James F. Dice Jr.
Aging cell by cell
It's true for cells in culture, rats, fruit flies, nematodes, yeast and in every tissue of humans: The older the cell, the longer it takes to dispose of used proteins.
"We have proteins hanging around in the cytoplasm of aging cells five times longer than they should," says James F. Dice Jr. "They have five times the chance to be damaged and to cause damage." Eventually, they contribute to the aging of the cell and the aging of the organism—if aging is defined as biological deterioration.
Dice, professor of physiology at the School of Medicine, has one of a handful of research laboratories in the world that intensely investigates lysosomes, often called the cell's stomach because they are responsible for "digesting" or degrading about half the proteins produced in the cell and extracting and recycling amino acids.
Dice's lab concentrates on one of two known lysosomal protein degradation pathways, the mechanisms that deliver the proteins to the lysosomes. Dice wants to find ways to repair that pathway in hopes of restoring the cell's health, perhaps even extending its reproductive life. "We know that if cells have enough damaged DNA, they won't go through a cell division cycle," Dice says. "I think there's something similar that happens with an accumulation of damaged protein."
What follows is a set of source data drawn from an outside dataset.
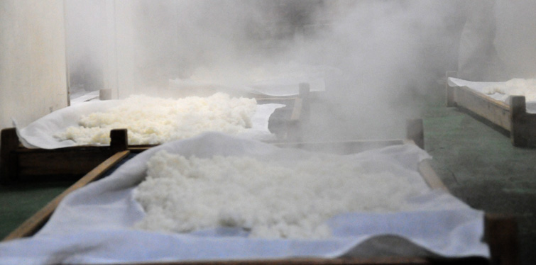 雄町蒸米 ここ数日で気温がぐっと下がりました。 ありがたい事です! 今年最後の雄町の蒸しになります。 外気が低いので窯の蓋を開けると真っ白な湯気 が立ち上ります。 (正に寒仕込みと言う感じです) 会社も蔵も31日(大晦日)まで仕事をしております。 (蔵人は明日早目に但馬に一時帰宅致します) 残り二日間頑張っていきますよ! 雄町米の蒸し 雄町の蒸しを取って広げるとそこら辺りが真っ白、 前が曇って見えなくなるほどです。 この蒸米を広げる作業、だんだんと慣れてはきますが 手が熱い。炊きあがったご飯でおにぎりを握るのと同 じ様な感じですかね。 何故かこの作業を行った後の手はいつもすべすべ 状態です。これもお米の力なんでしょうか!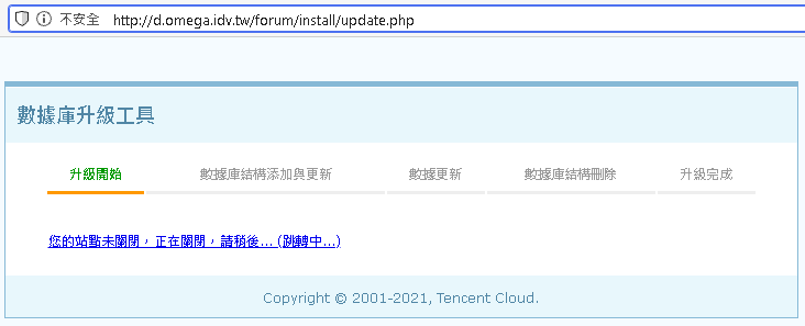 我們先到 Discuz! 管理中心 https://d.omega.idv.tw/forum/admincp.php 全局 -> 站點信息 -> 論壇關閉 -> 是 記得按下 提交 先關閉論壇確保不會有新的數據再寫入後 開始 DB 備份作業 | |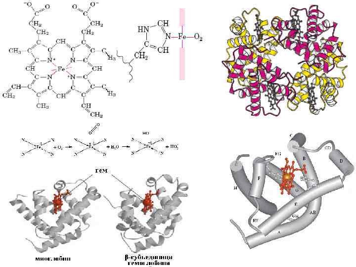 Переход между Т (tense)- и R (relaxed)-состояниями tense − напряженное, relaxed − релаксированное Изменение конформации белка вблизи гема при связывании О 2 с дезоксигемоглобином
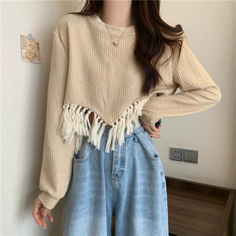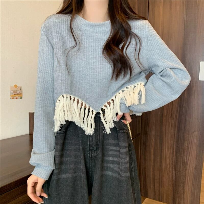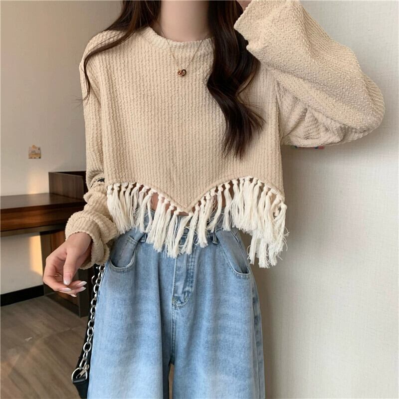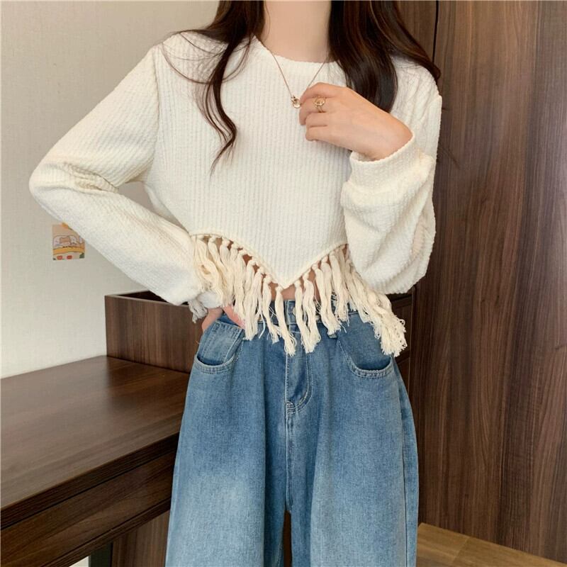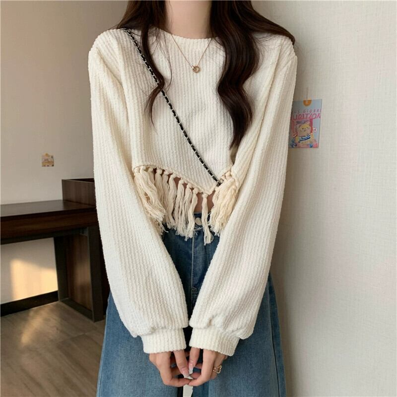 不規則なテルショートスウェットシャツの女性、2023春と秋の新しいスタイルのファッショナブルなデザインのラウンドネック長袖トップ ロング スプリング 春物 オータム 秋物 Oネック 746001838525058 | framboise21

Dice's lab has found that the molecules that usher proteins through the lysosome membrane decline in number as the cell ages. The lab currently is investigating whether increasing the number of these molecules will reverse sluggish degradation rates. Results so far are promising.
There's no "silver bullet" to kill aging, Dice says, although he does think there is hope for developing an amalgam bullet. "It's clear now that several things will have to be corrected at the same time—for instance, both the repair of DNA and protein degradation pathways—to take care of some of the molecular and cellular roots of aging."